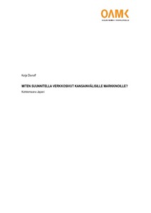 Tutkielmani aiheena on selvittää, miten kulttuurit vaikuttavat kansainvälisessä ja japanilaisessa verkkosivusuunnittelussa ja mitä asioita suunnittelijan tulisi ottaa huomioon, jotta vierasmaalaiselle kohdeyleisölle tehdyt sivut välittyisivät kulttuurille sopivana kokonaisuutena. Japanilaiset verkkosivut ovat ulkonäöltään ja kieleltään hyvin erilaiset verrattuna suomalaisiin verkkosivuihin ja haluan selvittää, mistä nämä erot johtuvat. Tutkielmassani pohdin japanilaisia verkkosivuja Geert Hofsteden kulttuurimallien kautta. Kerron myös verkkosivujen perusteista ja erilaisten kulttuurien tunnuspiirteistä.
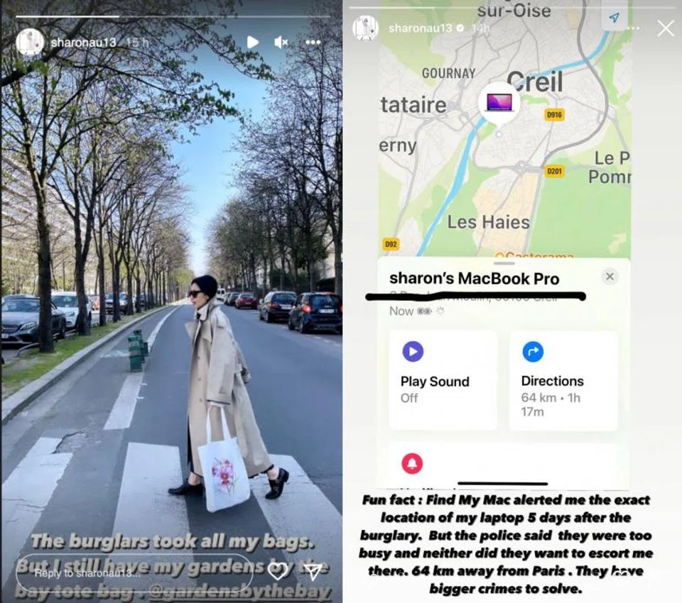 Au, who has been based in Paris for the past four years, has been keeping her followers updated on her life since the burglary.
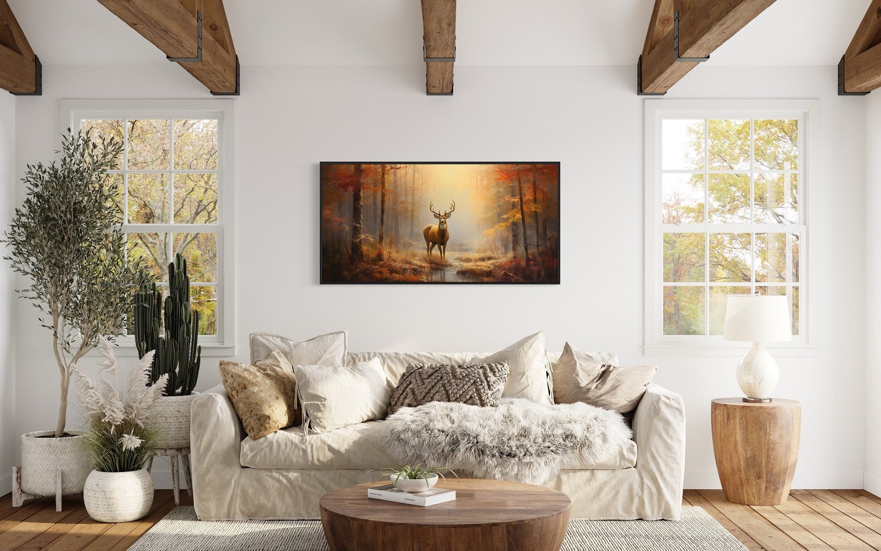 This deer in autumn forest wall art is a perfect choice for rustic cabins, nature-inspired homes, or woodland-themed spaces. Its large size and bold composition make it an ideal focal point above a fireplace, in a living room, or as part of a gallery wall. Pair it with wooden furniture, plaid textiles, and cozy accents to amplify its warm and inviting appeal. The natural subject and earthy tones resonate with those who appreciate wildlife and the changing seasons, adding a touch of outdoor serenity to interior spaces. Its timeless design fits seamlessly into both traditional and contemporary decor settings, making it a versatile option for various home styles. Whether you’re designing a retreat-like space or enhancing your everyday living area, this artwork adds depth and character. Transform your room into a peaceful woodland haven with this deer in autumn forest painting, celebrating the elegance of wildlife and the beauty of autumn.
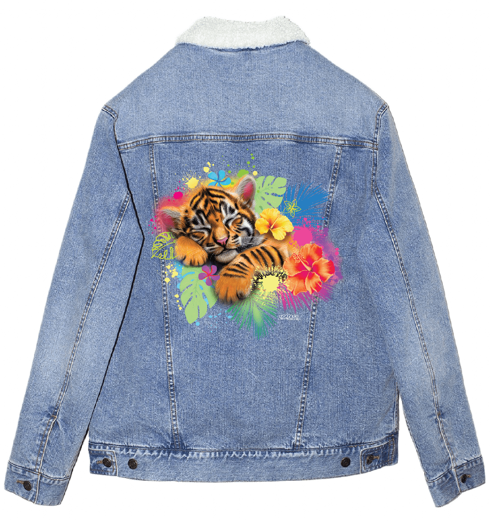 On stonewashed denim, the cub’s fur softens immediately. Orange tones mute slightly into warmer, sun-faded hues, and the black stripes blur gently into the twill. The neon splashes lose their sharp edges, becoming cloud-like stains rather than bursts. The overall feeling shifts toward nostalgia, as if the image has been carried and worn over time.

...

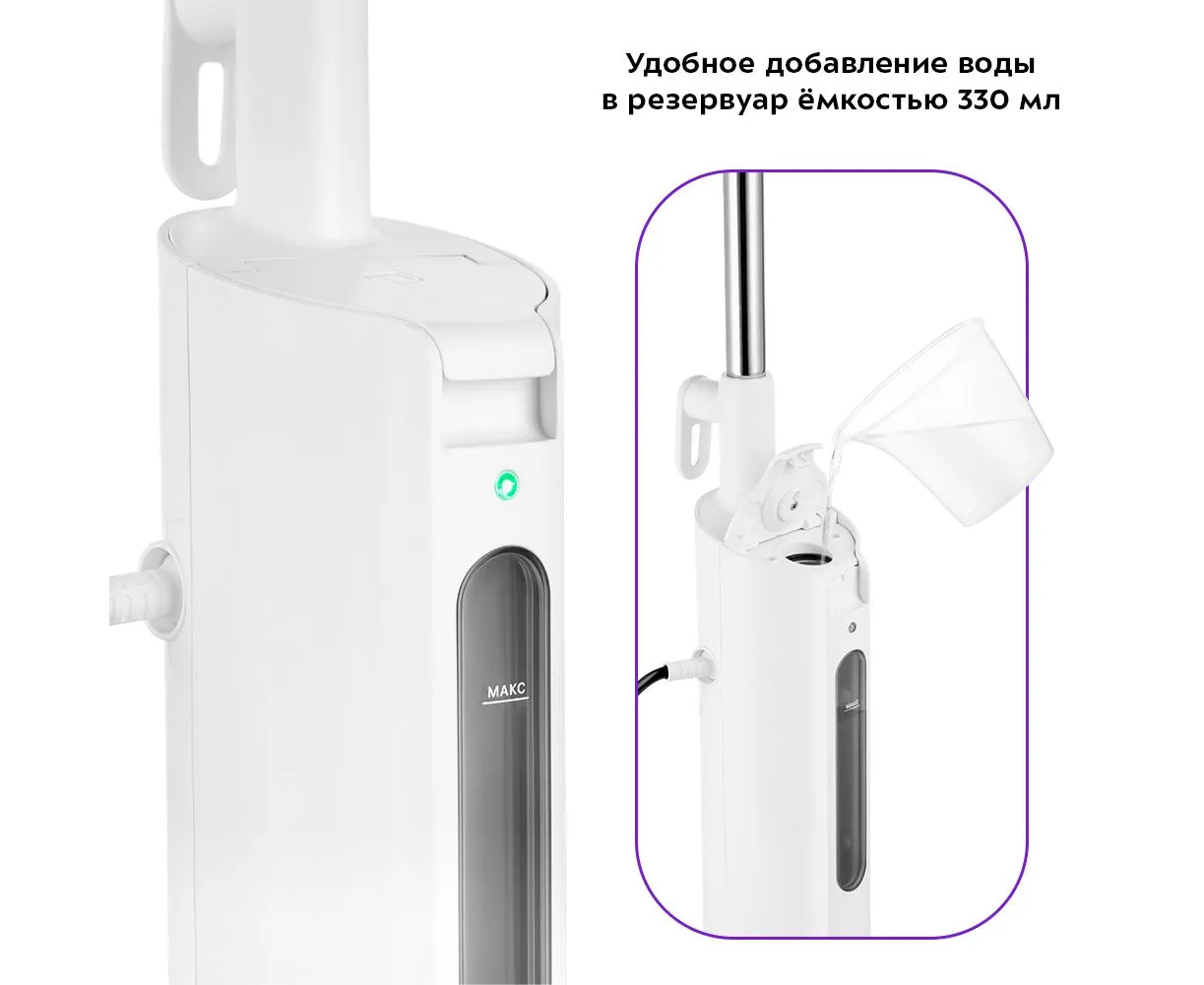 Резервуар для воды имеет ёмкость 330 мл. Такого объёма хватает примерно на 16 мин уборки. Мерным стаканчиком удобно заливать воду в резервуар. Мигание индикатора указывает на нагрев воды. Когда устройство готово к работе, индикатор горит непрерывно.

Try it: In the records above, everything from the line with "Au, who has" down to the line with "On stonewashed denim, the" is to be set down exactly, both ends included, with no pictures and no other lines.

Response:
 Au, who has been based in Paris for the past four years, has been keeping her followers updated on her life since the burglary.
 This deer in autumn forest wall art is a perfect choice for rustic cabins, nature-inspired homes, or woodland-themed spaces. Its large size and bold composition make it an ideal focal point above a fireplace, in a living room, or as part of a gallery wall. Pair it with wooden furniture, plaid textiles, and cozy accents to amplify its warm and inviting appeal. The natural subject and earthy tones resonate with those who appreciate wildlife and the changing seasons, adding a touch of outdoor serenity to interior spaces. Its timeless design fits seamlessly into both traditional and contemporary decor settings, making it a versatile option for various home styles. Whether you’re designing a retreat-like space or enhancing your everyday living area, this artwork adds depth and character. Transform your room into a peaceful woodland haven with this deer in autumn forest painting, celebrating the elegance of wildlife and the beauty of autumn.
 On stonewashed denim, the cub’s fur softens immediately. Orange tones mute slightly into warmer, sun-faded hues, and the black stripes blur gently into the twill. The neon splashes lose their sharp edges, becoming cloud-like stains rather than bursts. The overall feeling shifts toward nostalgia, as if the image has been carried and worn over time.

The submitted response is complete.